Start of SUPPLIED DATA

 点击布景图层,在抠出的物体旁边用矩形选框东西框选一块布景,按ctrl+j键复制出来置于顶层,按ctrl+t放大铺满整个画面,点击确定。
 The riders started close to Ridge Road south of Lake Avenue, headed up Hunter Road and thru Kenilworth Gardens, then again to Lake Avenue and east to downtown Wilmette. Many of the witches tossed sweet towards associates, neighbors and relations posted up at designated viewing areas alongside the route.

End of SUPPLIED DATA
Start of SUPPLIED DATA

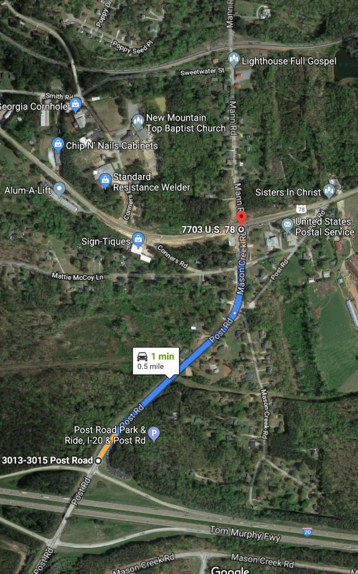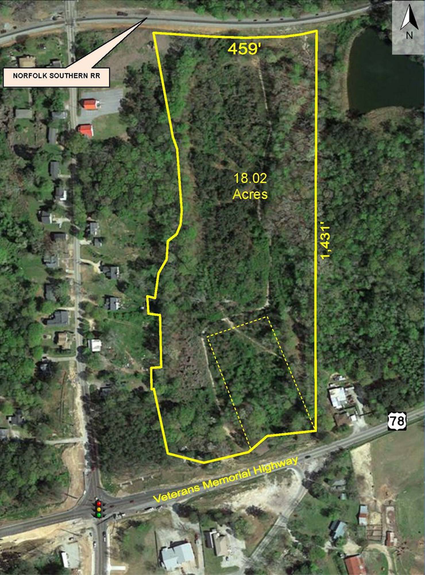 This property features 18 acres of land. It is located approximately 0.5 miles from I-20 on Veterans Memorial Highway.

End of SUPPLIED DATA
Start of SUPPLIED DATA

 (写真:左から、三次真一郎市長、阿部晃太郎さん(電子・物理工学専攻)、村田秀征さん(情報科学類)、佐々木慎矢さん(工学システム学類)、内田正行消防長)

End of SUPPLIED DATA

PROBLEM TO WORK ON -> As listed above, the lines from the line with "点击布景图层,在抠出的物体旁" to the line with "The riders started" are to be echoed exactly, with both ends included and nothing added.

WRITTEN REPLY ->
 点击布景图层,在抠出的物体旁边用矩形选框东西框选一块布景,按ctrl+j键复制出来置于顶层,按ctrl+t放大铺满整个画面,点击确定。
 The riders started close to Ridge Road south of Lake Avenue, headed up Hunter Road and thru Kenilworth Gardens, then again to Lake Avenue and east to downtown Wilmette. Many of the witches tossed sweet towards associates, neighbors and relations posted up at designated viewing areas alongside the route.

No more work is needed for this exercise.